In Janet Allen’s book Yellow Brick Roads: Shared and Guided Paths to Independent Reading 4-12, she uses the term “I’d rather” readers to describe the kids in our classes who score proficient on reading tests and are good readers, but would much rather be engaging in other activities besides reading. The past month I’ve really been focusing my efforts on my I’d rather readers. Reflecting on them and similiar readers I’ve had in the past, I’ve noticed that they all have two common characteristics. First, they’re all boys. The second is that they all see the value in being “efficient”. They are not lazy or careless in their studies, they are just focused on meeting goals in the most efficient way possible. Somehow, reading does not seem to fit into their “efficiency” equation.
During parent conferences last month, I had an in-depth conversation with the mother of one of these boys. She expressed a desire to see her son read more at home. She told me that it is a nightly battle to get him to read. During our conversation, I could sense her frustration. The next week, her son and I sat down to have a post-reading conference on the book The Lightning Thief, which was recommended to him by a friend. He was so excited to share about this book. He was able to tell me, in vivid detail, about the characters, conflict and themes. He was able to explain why he would recommend this book to others. He was so fired up about it, and couldn’t wait to start The Sea of Monsters, the second book in the series.
After that conference, I began to notice a change in him as a reader. During Independent Reading, he was actually reading. Sometimes during English, I would catch him with the book under his desk trying to sneak in a few words here and there when he thought I wasn’t looking. He became more in tune to our class novel, The Cay. He would engage in more conversation about the class book, asking questions, predicting and putting in his two cents about his thoughts on the novel. I even caught him sticking around on his break to peruse our class library!
This week I plan on calling his mom to see if she’s seen a change at home. Based on a couple of comments he’s made at school, I suspect it may still be somewhat of a battle on the homefront, but I am looking forward to reporting the changes I’m seeing at school. I think she’ll be pleased.

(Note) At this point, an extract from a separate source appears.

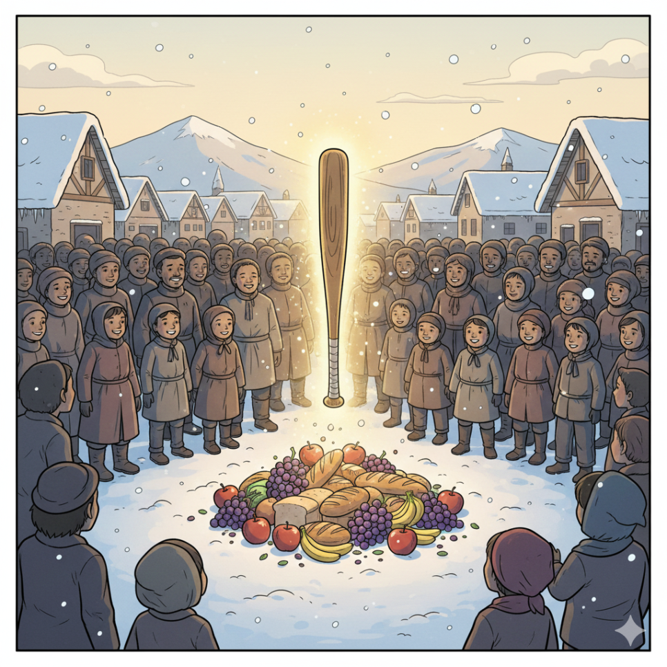 겨울이 찾아오자 마을은 더 가난해졌다. 마테오는 방망이로 음식을 만들었지만, 늘 필요한 만큼만 불러냈다. 그는 혼자 배부르지 않았고, 가장 힘든 사람부터 도왔다. 방망이는 점점 더 따뜻한 빛을 내기 시작했다. “나눔은 마법을 강하게 한다.” 방망이의 말에 마테오는 웃었다. 그는 이제 마법보다 사람들의 웃음을 더 좋아하게 되었다.

Had I continued to teach reading the way I have over the past three years, this student would have continued to be an “I’d rather” reader this year. I am confident that the decision to include more independent reading time and book sharing, as well as focusing on matching books to readers made a difference with this kid. The changes I’ve made in my class culture have provided an avenue for me to catch the kids passing through that may be good readers, but don’t think reading is good. I caught this one, and I’m hoping to catch more!